# German-built vessel information?



## mbarnette (Oct 30, 2007)

Is there an online source of information for merchant and other ships built in Germany (German shipping register)? I am trying to find information on several vessels sunk off Florida. Before anyone responds, yes, I have already done a thorough internet search, but am coming up empty on the information I am looking for. In particular, I am trying to find basic build and early service history (name changes), as well as high-resolution images of the vessels afloat on the following:


The freighter OLIVE M built in the 1960s.


The freighter HAVEL M built in the 1960s.


The freighter JACOB RUSCHJ was built in Hamburg, Germany, in 1952. She was 194 feet long, had a 30.6-foot beam and displaced 496 gross tons. She was later renamed Rosita Maria and Rita Voge, before being given her final name Mercedes I in 1976. 


The German refrigerator cargo vessel MINI HORN was built in 1957. Later she was renamed Shirley B and then Principe Maya.


The 9,008-ton, 537-foot long passenger freighter HAMBURG was launched at the Vegesack, Germany shipyard of Bremer Vulkan AG on December 17, 1953. 


The OSTWIND, German for “East Wind,” was built along with her sister ship, Nordwind, in 1939. 


The 185 ft. M/V RICHARD RACHMANN was built in Hamburg, Germany in 1962.

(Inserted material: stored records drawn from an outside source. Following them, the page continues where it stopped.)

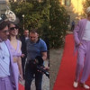 Lila rengi kıyafetleriyle kombin yapan çiftin görüntülerinde, Beren Saat''in kafasına taktığı ''Kraliyet şapkası'' dikkat çekti.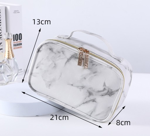 Практична косметичка, в якій можна зберігати як макіяж, так і засоби по догляду. Виготовлений з міцного водонепроникного матеріалу, схожого на шкіру (ПУ). Застібається на блискавку. Косметичка відрізняється унікальним дизайном, практичністю і якістю виготовлення. Має зручну ручку для перенесення косметички. Привертає увагу сучасний дизайн і застосування мармуру.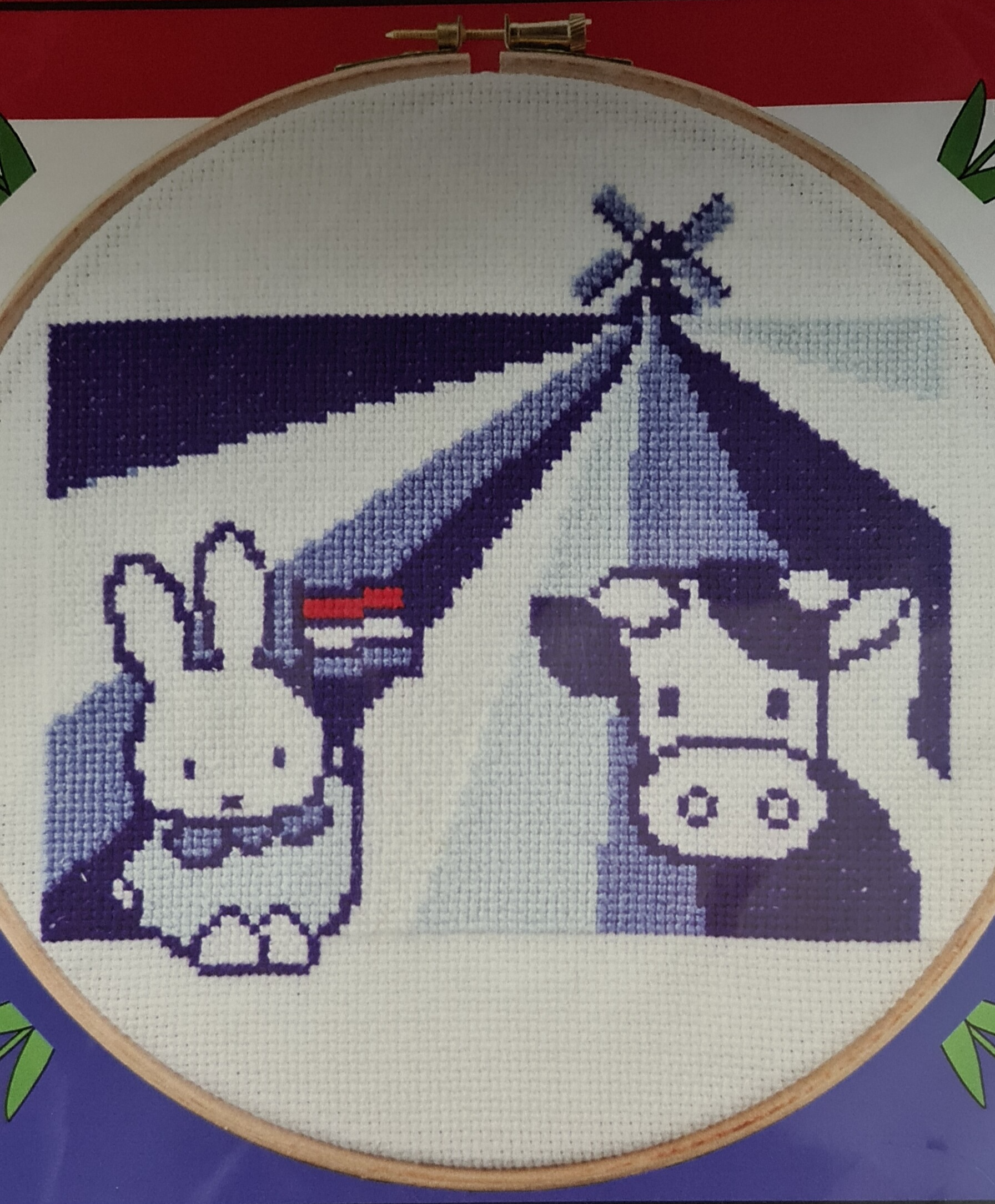 Telpatroon in kruissteek op wit Aïda met dmc borduurgaren

The 174 ft. M/S KLAUS BLOCK was built in Hamburg, Germany in 1955 as a dry cargo carrier. Other names it sailed under are SUDERELV (1964), TILLIA DORIS (1969), DOLORIS (1987), and DEBORAH JEAN (1993). The ship sunk in 1978, was raised and later sailed out of Limassol, Cypress for several years.


The M/V Sylvina Express was built in 1966 in Flensburger Schiffsbauges, Flesburg, Germany and initially sailed in northern European waters as a cargo carrier. The ship later sailed the Caribbean under the name TIGER in 1973, the ANNE NOVA in 1985, and the DIMAR B and CITO in 1990.


The 174 ft. M/S LISA EICHMANN was built in Hamburg, Germany in 1957 as a dry cargo carrier, purchased and owned by J. Eichmann of Hamburg Germany.


The Tronstad was a 258 foot German freighter built in Kel, Germany, 1956. 


The shipyard of Krupp Germania-Werft of Kiel, Germany built the 154-foot long hull of the two-masted schooner yacht Germania in 1908. 


Can anyone provide any detailed information on these ships, or have high-resolution images of them? Thanks!
Mike


----------



## treeve (Nov 15, 2005)

You forgot to mention the cocaine found in the Sylvina Express' mast.


----------



## treeve (Nov 15, 2005)

Found on t'internet, a starter for ten, as it were ..

Klaus Block on SN decent picture, full discussion and history
http://www.shipsnostalgia.com/gallery/showphoto.php/photo/65467/cat/517

Sylvina Express at 
http://www.gemisi.info/63574-161.php

LISA EICHMANN at
http://www.pbcgov.net/erm/enhancement/governor.asp
In fact Palm Beach County seem to have a number of your ships described.

Best Wishes, Raymond


----------



## melliget (Dec 3, 2006)

Mike.

Not sure if this is the OSTEND you're interested in.

The Times, Sat, 16 Mar 1985
HITLER'S YACHT SOLD FOR $1
Jacksonville, Florida (AFP) -
The Ostwind, a yacht built for
Adolph Hitler in 1939, was sold
for $1 this week by Mr Horace
Glass, who had bought it in
1971 for $5,000 and had spent
$178,000 on restoring it. Mr
Glass, who had had to give up
work on the yacht for health
and financial reasons, said: "I'm
losing everything I put into it,
plus 12 years of labour not just
from me but my family too."
The $1 bargain price has a
catch: the buyer takes over large
debts on the yacht.


regards,
Martin


----------